TASK PROMPT: Repeat, exactly as written, all of the entries, but not their pictures.

[Stored items]
══════
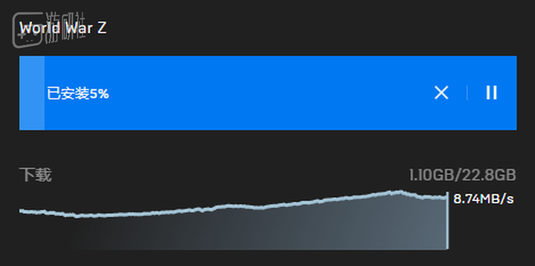 过了几个小时,此时Epic商城开放国区消息已经开始传播,所以我又用《僵尸世界大战》这种相对热门的游戏来检测一下CDN节点有没有受到影响——结果是速度在8~9MB/s左右,依然很稳定。
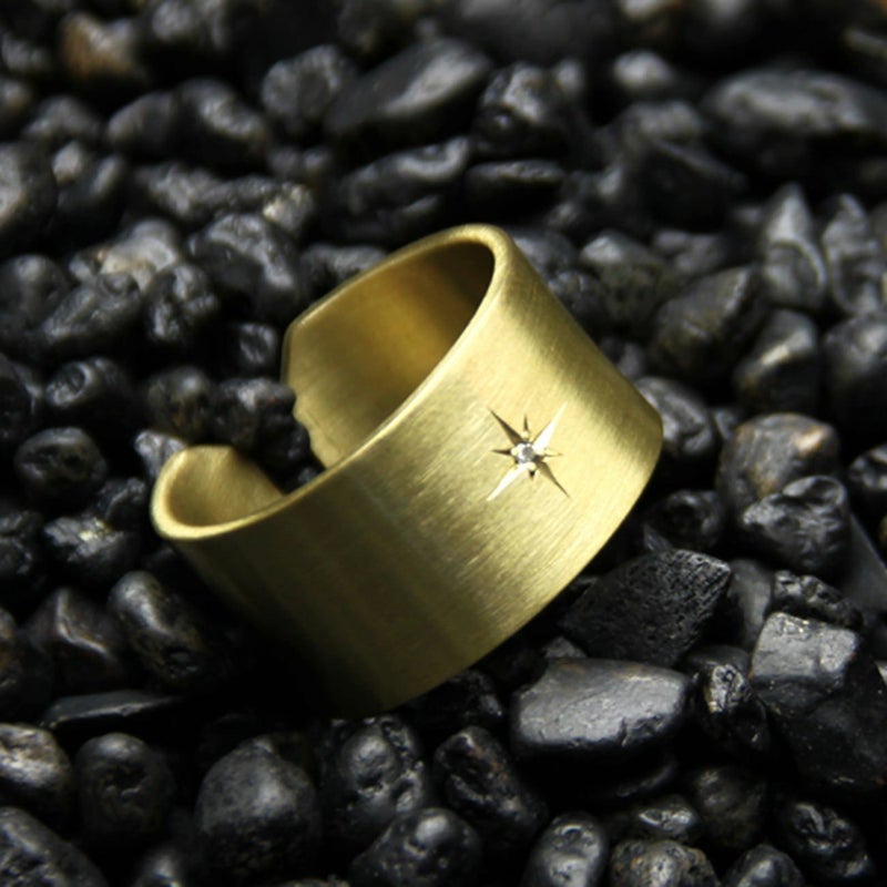 使い込まれた風合いを出した平打ち型の真鍮リングにジルコニア(人工ダイヤモンド)が輝く一本です
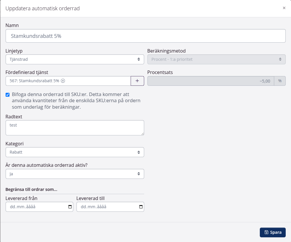 Genom att markera Bifoga denna orderrad till SKU:er kommer den automatiska orderraden att kopplas till varje enskild artikel på en order där artiklen har en tagg eller artiklen är en specifik artikel. Detta kan till exempel användas om du ska fakturera pant för specifika produkter och inte för andra.
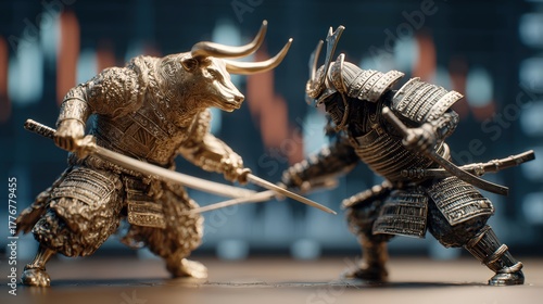 A bull and a bear dressed as samurai warriors fight with katanas against the background of financial charts
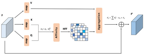 In the RCCA module part, the local feature map F∈ , the output of the backbone part, is mapped to K ∈ , query Q ∈ and value V ∈ (see Equation (2)).
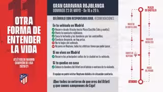 Así, invita a los aficionados a vestir la camiseta del club, sacar la bufanda y banderas por la ventanillas del vehículo y conducir despacio. Asimismo, recomienda no abandonar el vehículo y no parar en Neptuno, tradicional punto de celebración rojiblanca, porque "todos los atléticos tienen que poder pasar".
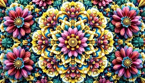 Intricate floral motif within a repeating hexagonal grid , floral geometry, wallpaper
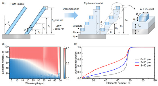For a comparison, we proposed a typical three-layer equivalent model to clearly elucidate the advantages of our TWM structure. We decomposed the entire graphite wires into smaller elements with a quantity of m, each containing a square graphite resonator, air insulator, and Al reflector (Figure 7a). The equivalent model is analogous to a well-known MIM configuration with multi-sized insulator resonant cavities (the thickness is denoted as hm − D/2) to achieve the same ultra-broadband absorption as the TWM structure. The simulated results show that the absorption spectrum of the equivalent model gradually increases with the increasing number of divided elements m (Figure 7b,c). Achieving excellent absorption performance (e.g., the average absorptivity > 0.97) at 3–50 μm requires more than 84 resonant cavities of different sizes, which indicates a more complicated structure than the TWM structure. Therefore, we can demonstrate that our proposed TWM structure possesses unprecedented properties, including a simple structure, high absorptivity, and ultra-broadband bandwidth.
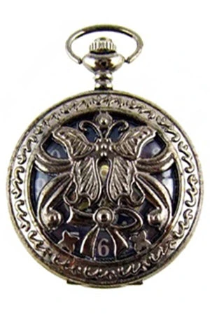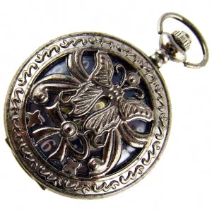 Clockwork Gunmetal Effect Steampunk Pocket Watch in Butterfly design with Mechanical Movement.
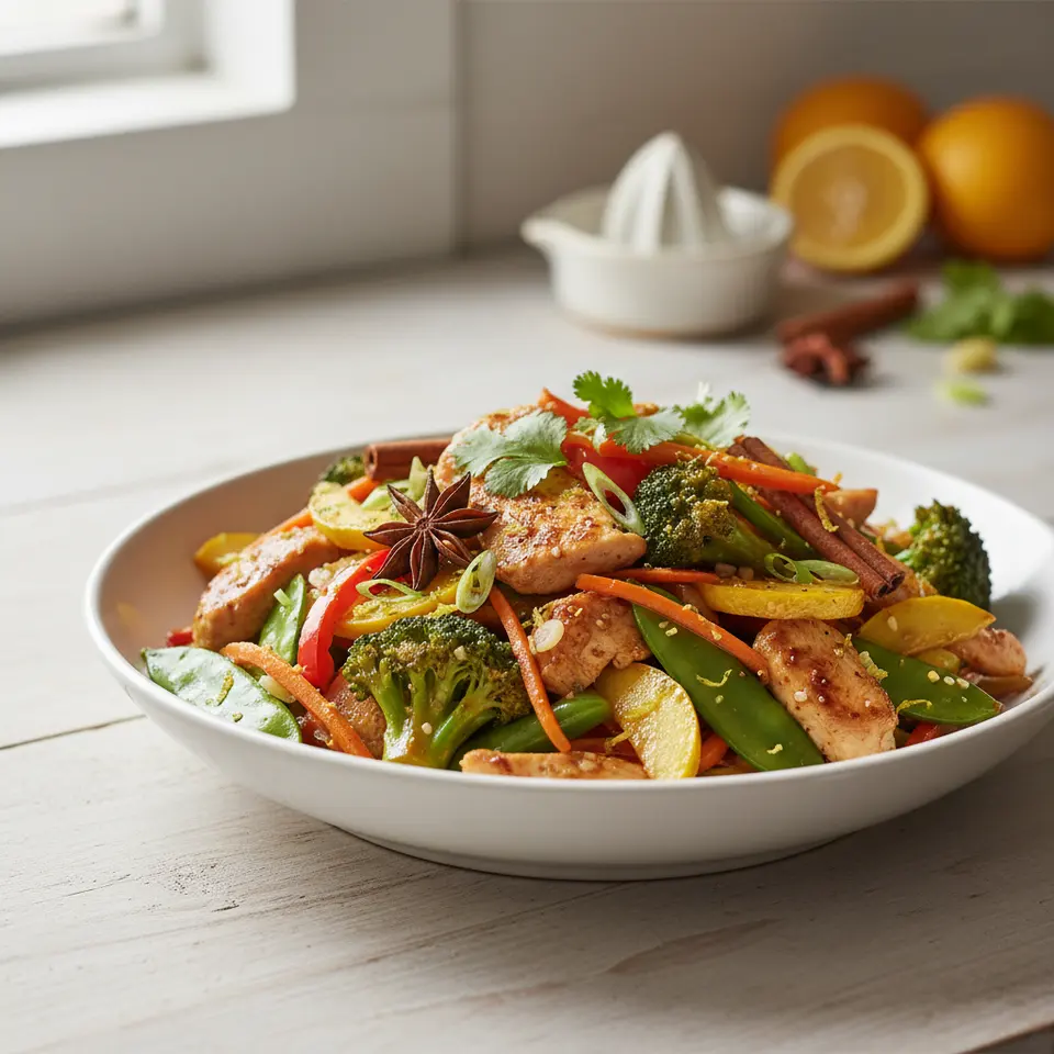 - Stir-fry vegetables 3–4 minutes; add garlic and ginger for 30 seconds.
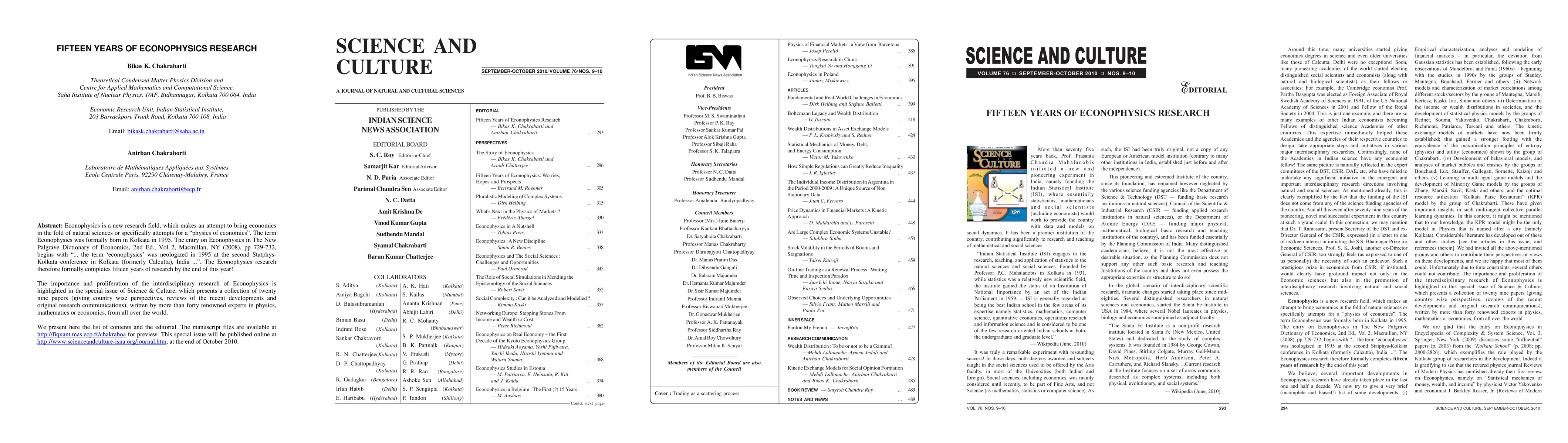 Econophysics is a new research field, which makes an attempt to bring economics in the fold of natural sciences or specifically attempts for a "physics of economics". The term Econophysics was formally born in Kolkata in 1995. The entry on Econophysics in The New Palgrave Dictionary of Economics, 2nd Ed., Vol 2, Macmillan, NY (2008), pp 729-732, begins with "... the term 'econophysics' was neologized in 1995 at the second Statphys- Kolkata conference in Kolkata (formerly Calcutta), India ...". The Econophysics research therefore formally completes fifteen years of research by the end of this year! The importance and proliferation of the interdisciplinary research of Econophysics is highlighted in the special issue of Science & Culture, which presents a collection of twenty nine papers (giving country wise perspectives, reviews of the recent developments and original research communications), written by more than forty renowned experts in physics, mathematics or economics, from all over the world. We present here the list of contents and the editorial. The manuscript files are available at http://fiquant.mas.ecp.fr/chakraboa for preview. This special issue will be published online at http://www.scienceandculture-isna.org/journal.htm, at the end of October 2010.
══════
RESULT FOR THIS TASK:
 过了几个小时,此时Epic商城开放国区消息已经开始传播,所以我又用《僵尸世界大战》这种相对热门的游戏来检测一下CDN节点有没有受到影响——结果是速度在8~9MB/s左右,依然很稳定。
 使い込まれた風合いを出した平打ち型の真鍮リングにジルコニア(人工ダイヤモンド)が輝く一本です
 Genom att markera Bifoga denna orderrad till SKU:er kommer den automatiska orderraden att kopplas till varje enskild artikel på en order där artiklen har en tagg eller artiklen är en specifik artikel. Detta kan till exempel användas om du ska fakturera pant för specifika produkter och inte för andra.
 A bull and a bear dressed as samurai warriors fight with katanas against the background of financial charts
 In the RCCA module part, the local feature map F∈ , the output of the backbone part, is mapped to K ∈ , query Q ∈ and value V ∈ (see Equation (2)).
 Así, invita a los aficionados a vestir la camiseta del club, sacar la bufanda y banderas por la ventanillas del vehículo y conducir despacio. Asimismo, recomienda no abandonar el vehículo y no parar en Neptuno, tradicional punto de celebración rojiblanca, porque "todos los atléticos tienen que poder pasar".
 Intricate floral motif within a repeating hexagonal grid , floral geometry, wallpaper
For a comparison, we proposed a typical three-layer equivalent model to clearly elucidate the advantages of our TWM structure. We decomposed the entire graphite wires into smaller elements with a quantity of m, each containing a square graphite resonator, air insulator, and Al reflector (Figure 7a). The equivalent model is analogous to a well-known MIM configuration with multi-sized insulator resonant cavities (the thickness is denoted as hm − D/2) to achieve the same ultra-broadband absorption as the TWM structure. The simulated results show that the absorption spectrum of the equivalent model gradually increases with the increasing number of divided elements m (Figure 7b,c). Achieving excellent absorption performance (e.g., the average absorptivity > 0.97) at 3–50 μm requires more than 84 resonant cavities of different sizes, which indicates a more complicated structure than the TWM structure. Therefore, we can demonstrate that our proposed TWM structure possesses unprecedented properties, including a simple structure, high absorptivity, and ultra-broadband bandwidth.
 Clockwork Gunmetal Effect Steampunk Pocket Watch in Butterfly design with Mechanical Movement.
 - Stir-fry vegetables 3–4 minutes; add garlic and ginger for 30 seconds.
 Econophysics is a new research field, which makes an attempt to bring economics in the fold of natural sciences or specifically attempts for a "physics of economics". The term Econophysics was formally born in Kolkata in 1995. The entry on Econophysics in The New Palgrave Dictionary of Economics, 2nd Ed., Vol 2, Macmillan, NY (2008), pp 729-732, begins with "... the term 'econophysics' was neologized in 1995 at the second Statphys- Kolkata conference in Kolkata (formerly Calcutta), India ...". The Econophysics research therefore formally completes fifteen years of research by the end of this year! The importance and proliferation of the interdisciplinary research of Econophysics is highlighted in the special issue of Science & Culture, which presents a collection of twenty nine papers (giving country wise perspectives, reviews of the recent developments and original research communications), written by more than forty renowned experts in physics, mathematics or economics, from all over the world. We present here the list of contents and the editorial. The manuscript files are available at http://fiquant.mas.ecp.fr/chakraboa for preview. This special issue will be published online at http://www.scienceandculture-isna.org/journal.htm, at the end of October 2010.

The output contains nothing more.